[The problem] Could you repeat the whole listing below exactly, omitting any picture it holds?

BEGIN Information shown

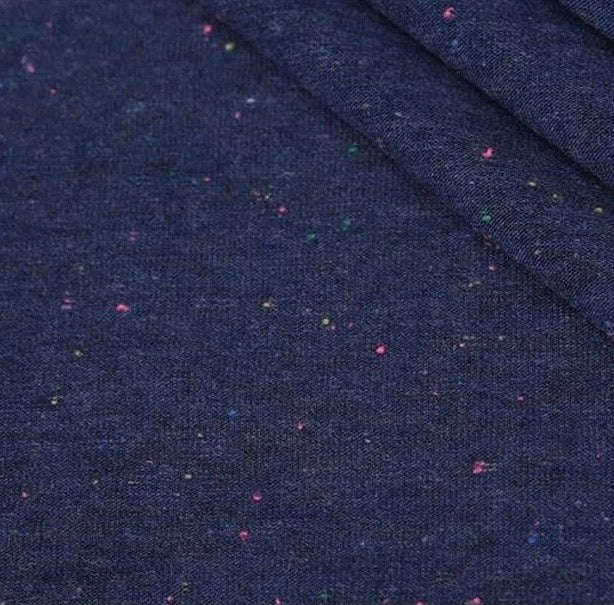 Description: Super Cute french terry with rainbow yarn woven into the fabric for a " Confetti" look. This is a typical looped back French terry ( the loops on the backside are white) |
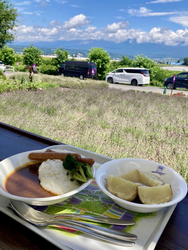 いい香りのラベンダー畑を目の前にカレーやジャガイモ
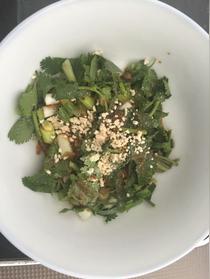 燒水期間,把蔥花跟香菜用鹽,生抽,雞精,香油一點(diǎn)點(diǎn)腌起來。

END Information shown

[Response to this exercise]
 Description: Super Cute french terry with rainbow yarn woven into the fabric for a " Confetti" look. This is a typical looped back French terry ( the loops on the backside are white) |
 いい香りのラベンダー畑を目の前にカレーやジャガイモ
 燒水期間,把蔥花跟香菜用鹽,生抽,雞精,香油一點(diǎn)點(diǎn)腌起來。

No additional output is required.